Дневник отчаявшегося - Страница 15
Второй случай, чью несчастную жертву я не хочу называть по очень личным причинам, еще более шокирует своими подробностями, которые сообщила мне жена нашего бессмертного Лео фон Цумбуша[98]. Пожилая госпожа X. ведет замкнутый образ жизни в своей двухкомнатной квартире на Максимилианштрассе в Мюнхене. Очень известный актер, который стал невероятно популярным у нацистов, положил глаз на эту двухкомнатную квартиру, считает возмутительным, что там живет старая еврейка, и, чтобы получить квартиру, доносит на старушку, что в эти славные времена приводит к депортации в концентрационный лагерь и медленной смерти от голода. Старая госпожа X. прекрасно это понимает, чувствует себя слишком старой и слабой для такого испытания, обращается к фрау фон Цумбуш с мольбой о быстродействующем яде, и действительно, эта волевая женщина с характером, напрасно предложив все другие средства защиты и всю мыслимую помощь уставшему от жизни человеку, оказывается достаточно сильной, чтобы осуществить желаемое, отправившись со скорбной просьбой к мюнхенскому фармакологу, коллеге своего мужа…

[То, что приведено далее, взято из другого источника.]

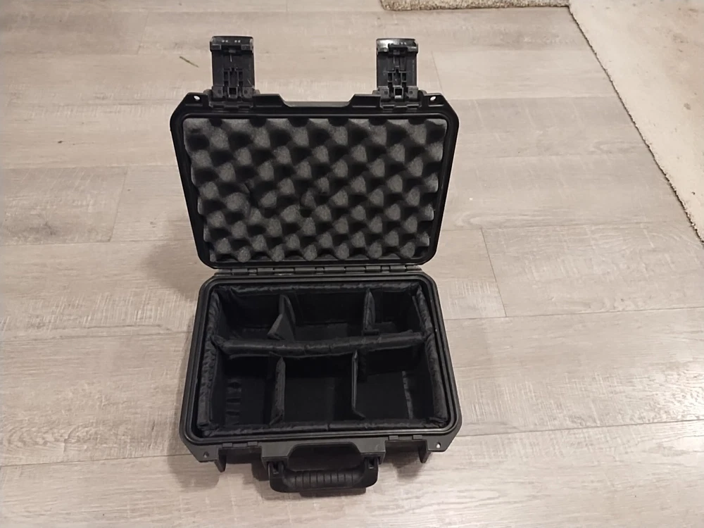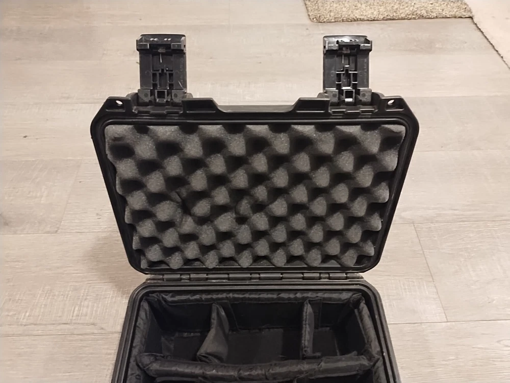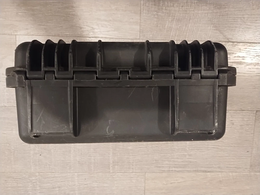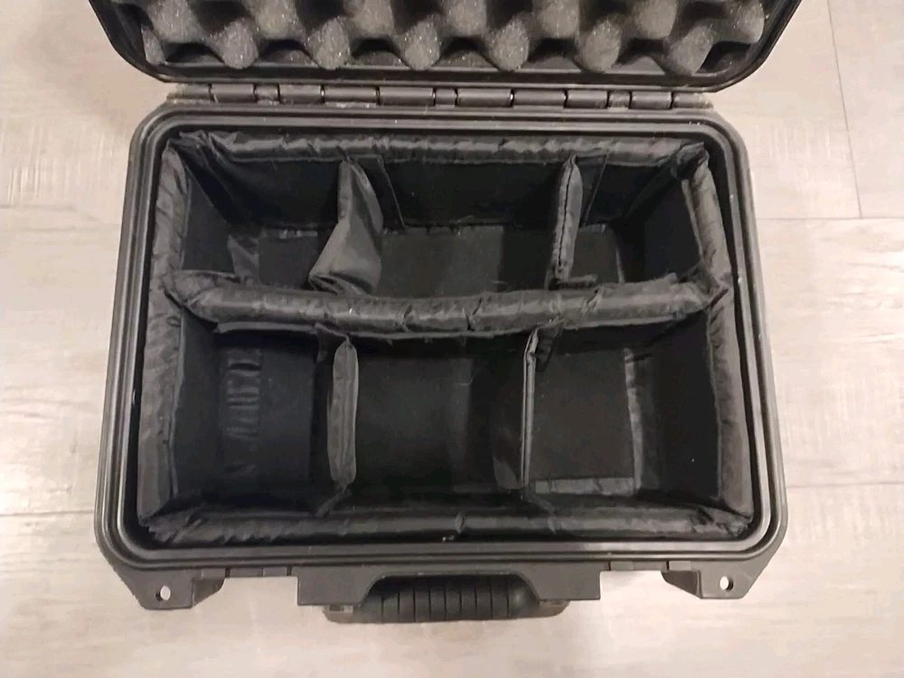 The Pelican Storm Case in Black is a hard case made of rigid plastic, specifically designed to fit cameras. It features foam padding and adjustable dividers inside, providing excellent protection for your camera equipment. The exterior dimensions are 14x12x7 inches, making it a reliable and durable choice for safely storing and transporting your camera gear.

Ученый, кто угодно, но не сторонник Гитлера, сначала приходит в ужас от этой дерзости и отказывается, но в конце концов, когда ему обрисовывают всю безнадежность дела, в глубоком потрясении уступает просьбе и дает ей в руки смесь курарина и цианида. Дама идет с этим последним подарком к госпоже X., которая в самом деле уже умирает, и вот происходит страшное: со слезами благодарящая за яд, она обращается с другой просьбой — фрау фон Зумбуш, тоже певица, должна спеть ей на прощание «Четыре серьезные песни» Брамса. Так и происходит. Обе женщины расстаются, а сегодня за обедом мы получаем известие, что старая госпожа X. найдена мертвой в своей квартире, перед которой, очевидно, уже ждет в нетерпении доносчик, этот самый актер П. Вот что произошло здесь, так сказать, на моих глазах. В обоих случаях я не называю доносчиков по имени. В случае Зонненталя это семидесятидевятилетняя венка, корибантка гитлеризма… старая карга, которая скоро окажется на смертном одре, вкусит смерть и увидит суд…
А другой?
Я прожил более пятидесяти лет, мне пришлось постичь многие глубины жизни, и одну мудрость я усвоил: за каждое злодеяние, которое совершил, мне пришлось искупать вину, хоть и через десятиления. Так или иначе, рано или поздно, часто тогда, когда уже почти все забыто. Не напоминают ли иногда коктейли, которые мистер П. пьет в добытой таким образом квартире, смесь курарина и цианида… не звучат ли иногда в его ушах те «Четыре серьезные песни», которые доносятся сквозь маршевую поступь его радио?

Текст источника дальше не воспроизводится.